Re: lsusd - The Linux SUSpend Daemon

From: NeilBrown
Date: Fri Oct 21 2011 - 18:34:46 EST


On Fri, 21 Oct 2011 12:07:07 -0400 (EDT) Alan Stern
<stern@xxxxxxxxxxxxxxxxxxx> wrote:

> On Fri, 21 Oct 2011, NeilBrown wrote:
>
> > Hi,
> >
> > I wasn't going to do this... but then I did. I think that sometimes coding is
> > a bit like chocolate.
>
> Getting started is always a big hurdle, for me anyway.
>
> > At:
> > git://neil.brown.name/lsusd
> > or
> > http://neil.brown.name/git/lsusd
> >
> > you can find a bunch of proof-of-concept sample code that implements a
> > "Linux SUSpend Daemon" with client support library and test programs.
> >
> > I haven't actually tested it as root and had it actually suspend and resume
> > and definitely haven't had it even close to a race condition, but the
> > various bits seem to work with each other properly when I run them under
> > strace and watch.
> >
> > It didn't turn out quite the way I imagined, but then cold harsh reality has
> > a way of destroying our dreams, doesn't it :-)
> >
> >
> > Below is the README file. Comment welcome as always.
> > I'm happy for patches too, but I'm equally happy for someone to re-write it
> > completely and make something really useful and maintainable.
> >
> > NeilBrown
> >
> > -----------------------------------------------------------------
> >
> > This directory contains a prototype proof-of-concept system
> > for managing suspend in Linux.
> > Thus the Linux SUSpend Daemon.
> >
> > It contains:
> >
> > lsusd:
>
> This name is no good; it's too much like "lsusb". In fact, anything
> starting with "ls" is going to be confusing. Not that I have any
> better suggestions at the moment...
>
> > The main daemon. It is written to run a tight loop and blocks as
> > required. It obeys the wakeup_count protocol to get race-free
> > suspend and allows clients to register to find out about
> > suspend and to block it either briefly or longer term.
> > It uses files in /var/run/suspend for all communication.
>
> I'm not so keen on using files for communication. At best, they are
> rather awkward for two-way messaging. If you really want to use them,
> then at least put them on a non-backed filesystem, like something under
> /dev.

Isn't /var/run a tmpfs filesystem? It should be.
Surely /run is, so in the new world order the files should probably go
there. But that is just a detail.

I like files... I particularly like 'flock' to block suspend. The
rest.... whatever..
With files, you only need a context switch when there is real communication.
With sockets, every message sent must be read so there will be a context
switch.

Maybe we could do something with futexes...

>
> > File are:
> >
> > disabled: This file always exists. If any process holds a
> > shared flock(), suspend will not happen.
> > immediate: If this file exists, lsusd will try to suspend whenever
> > possible.
> > request: If this is created, then lsusd will try to suspend
> > once, and will remove the file when suspend completes or aborts.
> > watching: This is normally empty.
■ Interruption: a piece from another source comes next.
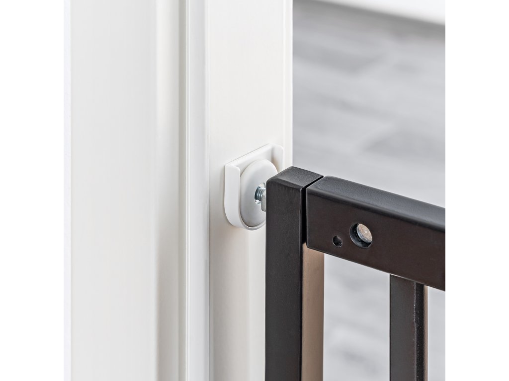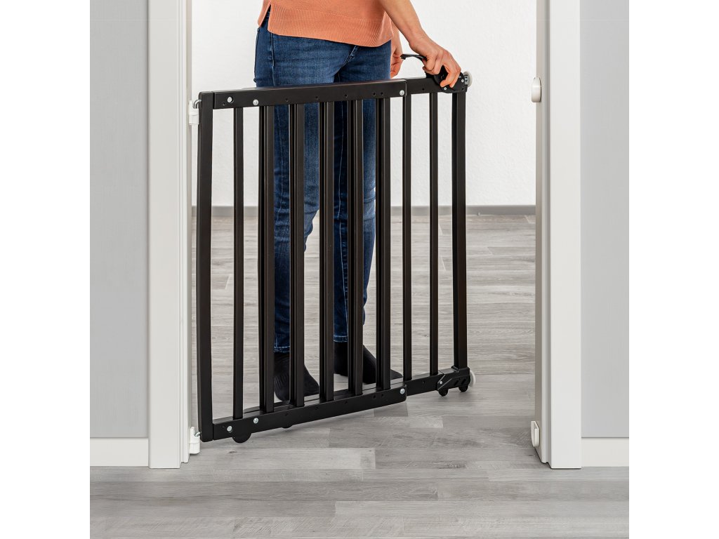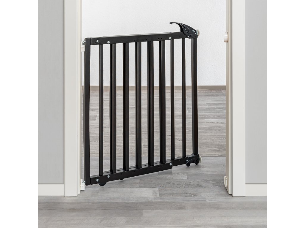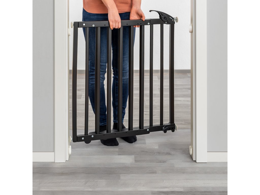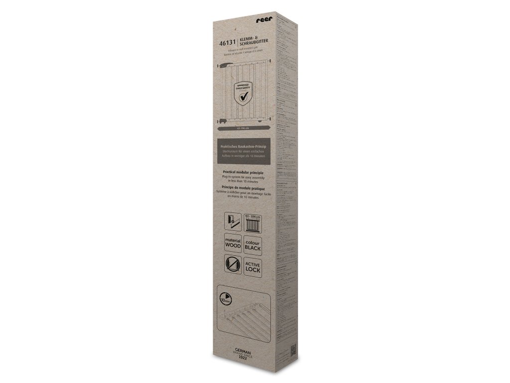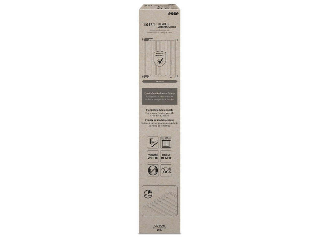 Praktický modulární princip: snadná montáž za méně než 10 minut díky zásuvnému systému. Zvláště udržitelné: malá a praktická velikost balení chrání životní prostředí díky o 60 % méně odpadu z obalů. 2 možnosti montáže: nasazením nebo šroubováním. Bezbariérový průchod bez nebezpečí zakopnutí: ideální pro použití i na schodech. Šířka plynule nastavitelná od 63-106 cm. Dvojitý uzamykací systém. Lze pohodlně otevřít v obou směrech; vč. nástěnné desky se zátkou Lze flexibilně použít jako dveřní nebo schodišťovou zábranu.
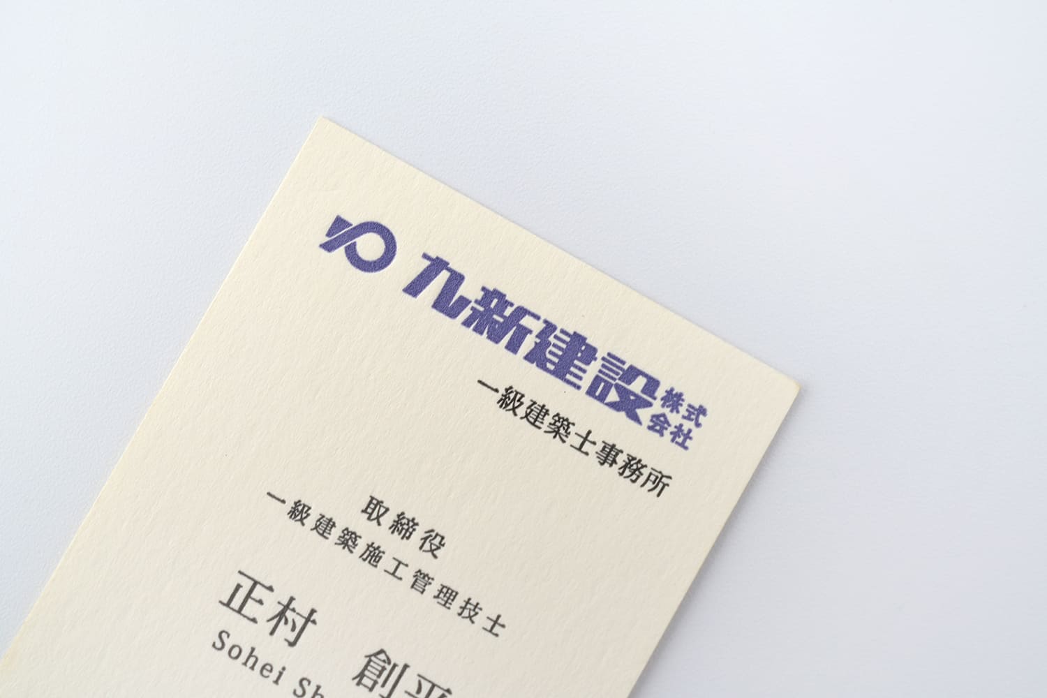 シルバーの箔押しが煌めく建設業者様のお名刺。良いデザインのお名刺を所有することで、会社への愛着やプライドが生まれます。

Any process wanting to know
> > about suspend should take a shared flock and check the file is
> > still empty, and should watch for modification.
> > When suspend is imminent, lsusd creates 'watching-next', writes
> > a byte to 'watching' and waits for an exclusive lock on 'watching'.
> > Clients should move their lock to 'watching-next' when ready for
> > suspend.
> > When suspend completes, another byte (or 2) is written to
> > 'watching', and 'watching-next' is renamed over it. Clients can
> > use either of these to know that resume has happened.
> >
> > watching-next: The file that will be 'watching' in the next awake cycle.
> >
> > lsusd does not try to be event-loop based because:
> > - /sys/power/wakeup_count is not pollable. This could probably be
> > 'fixed' but I want code to work with today's kernel. It will probably
>
> Why does this matter?

In my mind an event based program should never block. Every action should be
non-blocking and only taken when 'poll' says it can.
Reading /sys/power/wakeup_count can be read non-blocking, but you cannot find
out when it is sensible to try to read it again. So it doesn't fit.

>
> > only block 100msec at most, but that might be too long???
>
> Too long for what?

For some other process to connect to some socket and have to wait for the
connection to be accepted.
(When reading from wakeup_count in the current code it will block for a
multiple of 100ms. The multiplier might be 0 or 1, possibly more, though
that is unlikely).

>
> > - I cannot get an event notification when a lock is removed from a
> > file. :-( And I think locks are an excellent light-weight
> > mechanism for blocking suspend.
>
> Except for this one drawback. Socket connections are superior in that
> regard.

I'm very happy for someone else write an all-socket based daemon.
Or just use my two deamons together.



>
> > lsused:
> > This is an event-loop based daemon that can therefore easily handle
> > socket connections and client protocols which need prompt
> > response. It communicates with lsusd and provides extra
> > services to client.
> >
> > lsused (which needs a better name) listens on the socket
> > /var/run/suspend/registration
> > A client may connect and send a list of file descriptors.
>
> Including an empty list?

With current code an empty list will mean no callback ever so it would be
pointless.
It is probably this interfaces could be improved. I just wanted something
that worked.

>
> > When a suspend is immanent, if any file descriptor is readable,
>
> Or if no file descriptors were sent?

Not with current code, but that does fit the design we discussed previously.

>
> > lsused will send a 'S' message to the client and await an 'R' reply
> > (S == suspend, R == ready). When all replies are in, lsused will
> > allow the suspend to complete. When it does (or aborts), it will send
> > 'A' (awake) to those clients to which it sent 'S'.
>
> But not to the client which failed to send an 'R'?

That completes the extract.